Gun-show loophole laws on the books in Florida, but ignored
A must-read story from Tampa Bay Times staff writer Peter Jamison:
It was a rare moment in American public life: A killer's shooting rampage had claimed lives young and old, giving rise to a burst of political will to strengthen gun laws.
In November 1998, Florida voters overwhelmingly approved an amendment to the state Constitution that allowed counties to mandate background checks for private gun sales — closing the so-called gun-show loophole. Public support for universal background checks had surged over the summer, after Tampa resident Hank Earl Carr, a volatile felon who acquired a stockpile of firearms despite his criminal record, fatally shot three law enforcement officers and a 4-year-old boy.
The constitutional amendment passed with 72 percent of the vote.
With their newly granted authority, Florida's most populous urban counties, including Pinellas and Hillsborough, rushed to enact ordinances regulating gun shows.
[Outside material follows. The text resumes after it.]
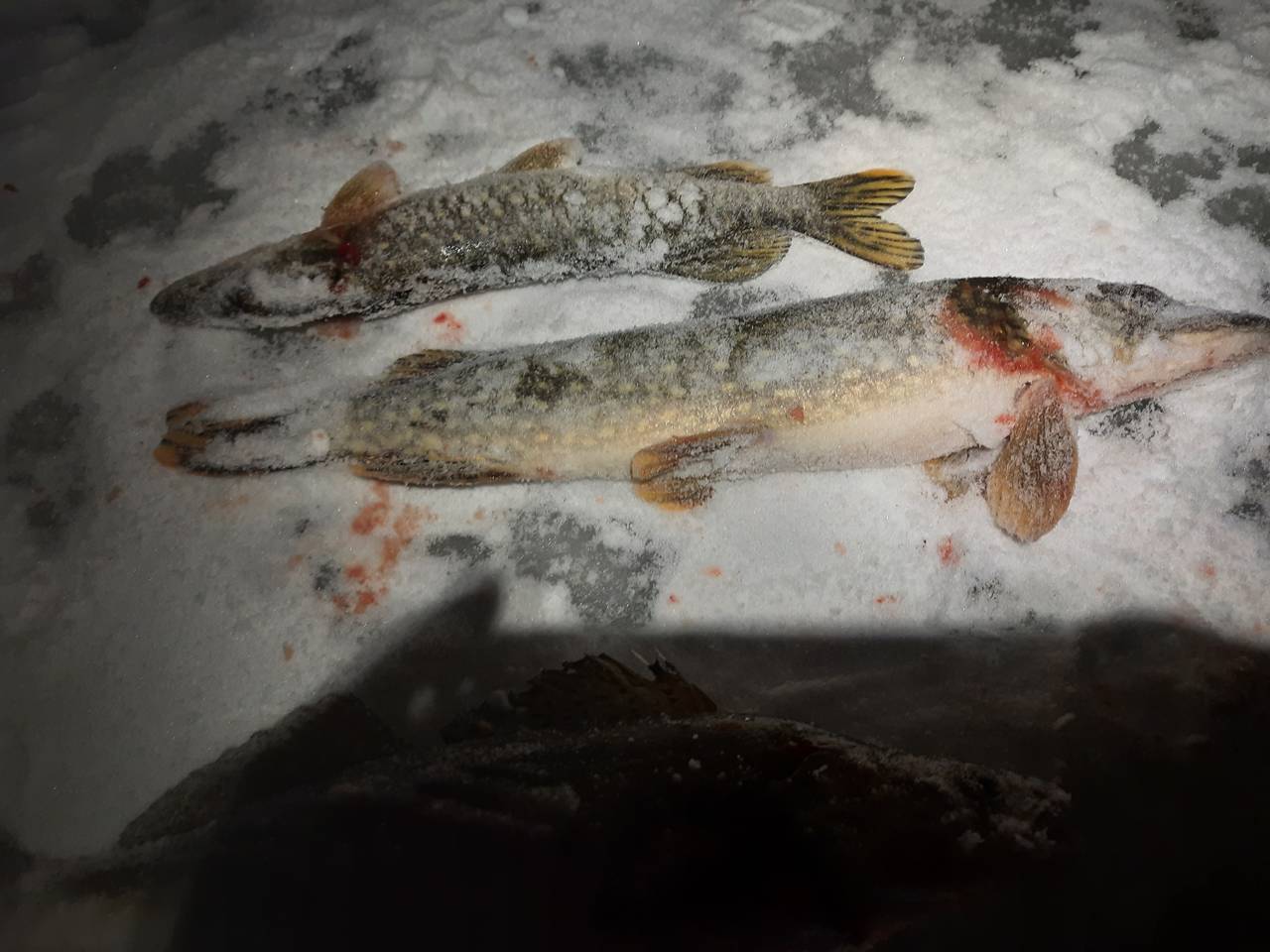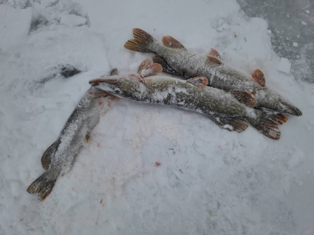Очередной рыбацкий день на льду растрясали праздничные жирки,щучка капризничала,целый день бур в руках,перестановки. Сын нащупал зубастую на вертикальной бровке,я свою нашел в приямке на поливе. Поклевок море,бьет живца носом,даже не режет.

From a distance, it looked like a bracing example of voters making their will known on an issue that confounds politicians.
The reality is very different. Despite the amendment's passage and counties' actions, the requirements for criminal records checks on private gun sales are virtually unenforced in Florida.
Law enforcement officials, government attorneys and gun-show organizers say the ordinances are ignored in the seven counties — encompassing almost half of Florida's population — that currently have them.